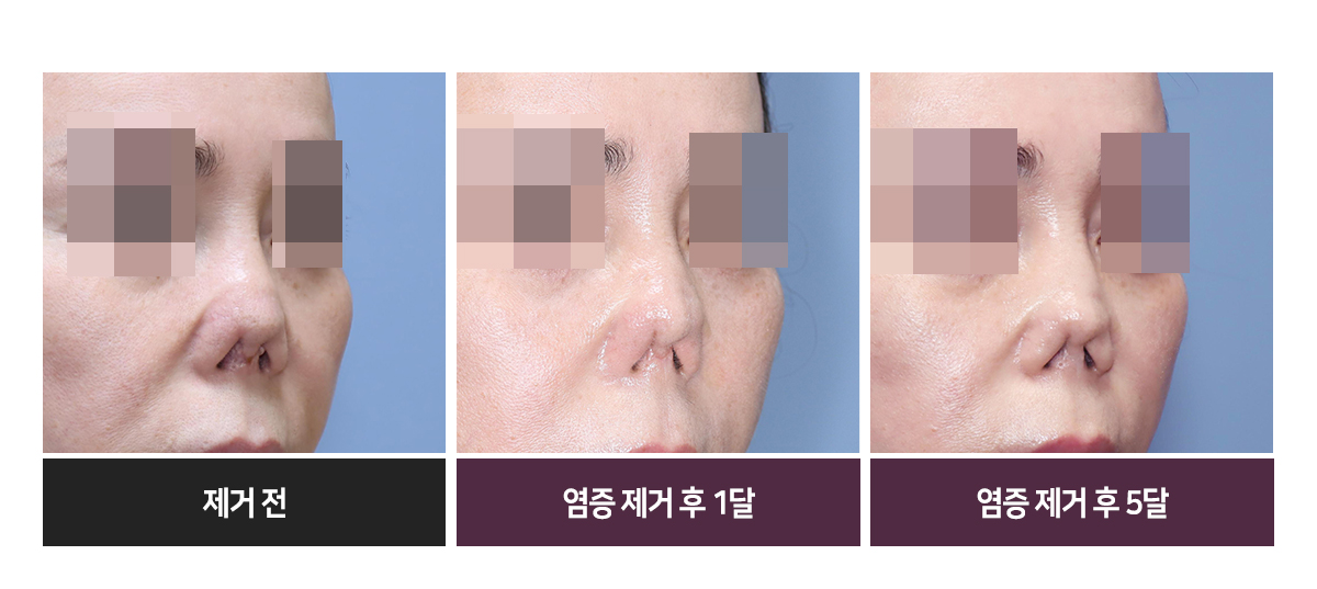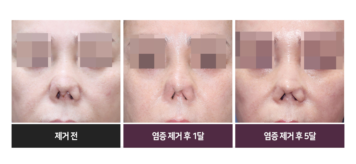Á¦°Å ¼ö¼ú Àü, ºñÁÖ¿¡ ¹æ¿ï¹æ¿ï ÀÛÀº ¸ù¿ì¸®·Î ºÙ¾îÀÖ´ø À°¾ÆÁ¾Àº ¼ö¼ú ÈÄ¿¡´Â ±ú²ýÀÌ Á¦°ÅµÇ¾úÀ¸¸ç, ºÎ±âµµ ÇöÀúÈ÷ °¡¶ó¾É¾Ò½À´Ï´Ù. Á¦°Å ¼ö¼ú ÈÄ 1´Þ ¸ð½À¿¡¼ ÄÚ³¡ ÇÇºÎ¿Í ¿¬°ñÀÌ ±¸ÃàÀ¸·Î ÀÎÇØ Âɱ׶óµé¸é¼ ÂóÈ÷°í °¥¶óÁø ¸ð½ÀÀ» º¸À̰í, ºÎ±â¿Í ºñÁÖ ³»Ãø¿¡ Èä»ìÀÌ º¸ÀÌÁö¸¸, Á¦°Å ÈÄ 5´Þ »çÁø¿¡¼´Â º×±âµµ ºüÁö°í ¿¬ºÎ Á¶Á÷ÀÇ »óŰ¡ Á» ´õ ºÎµå·´°í ¸Å²öÇØÁ³À½À» º¼ ¼ö ÀÖ½À´Ï´Ù.
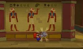 Peel allows the removal of Stickers that are usually stuck to surfaces. This ability is used by holding the "A" button. Peel is also used to remove Bowser Stickers which bind Toads and block certain pathways/shortcuts. Peel is often used in combination with Paperize. If Mario leaves a sticker for too long after peeling or enters another area without collecting then the sticker will disappear.
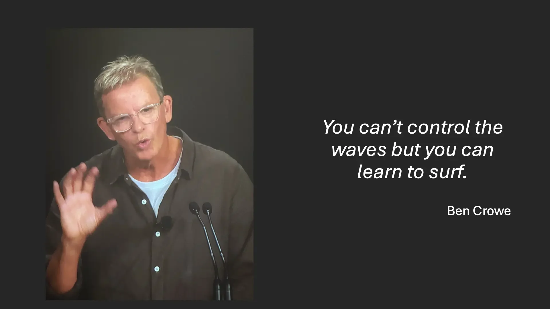 ‘You cant’ control the waves, but you can learn to surf.’
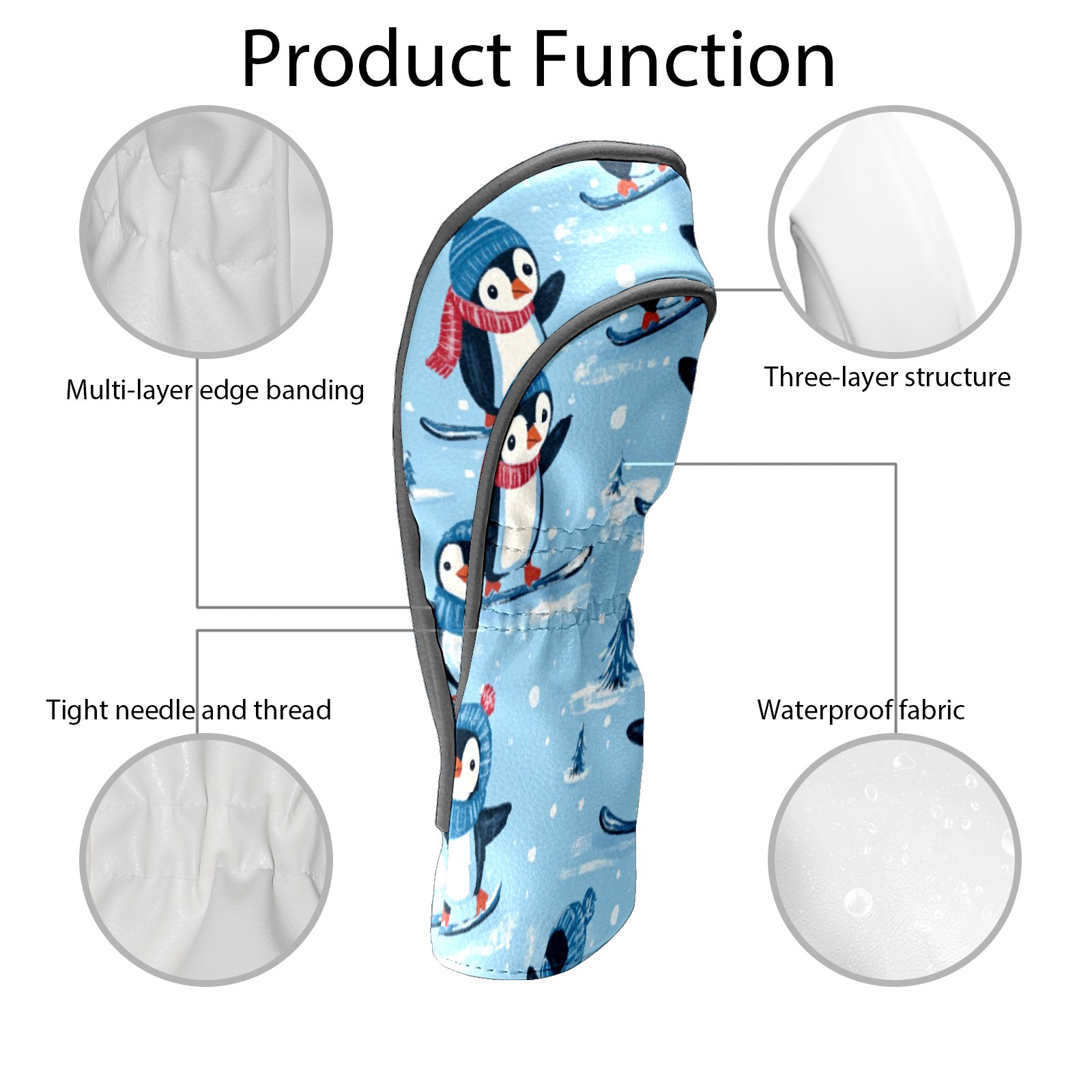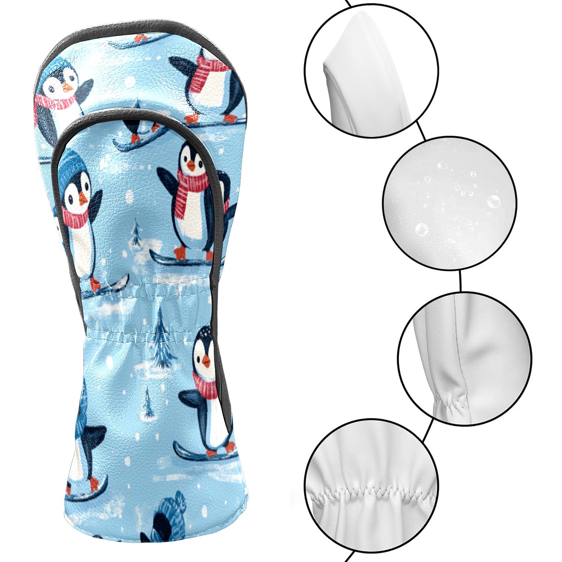 Golf Club Head Covers for Driver and Fairway Woods, Waterproof Leather Headcovers for Golf Clubs, Ideal Golf Accessories Gift for Men Women (Penguins)

Problem to solve:
Restate, exactly as they appear, the line with "learn to surf.’" and all the lines after it up to the end of the data above; images do not belong in the copy.

Result for this task:
 ‘You cant’ control the waves, but you can learn to surf.’
 Golf Club Head Covers for Driver and Fairway Woods, Waterproof Leather Headcovers for Golf Clubs, Ideal Golf Accessories Gift for Men Women (Penguins)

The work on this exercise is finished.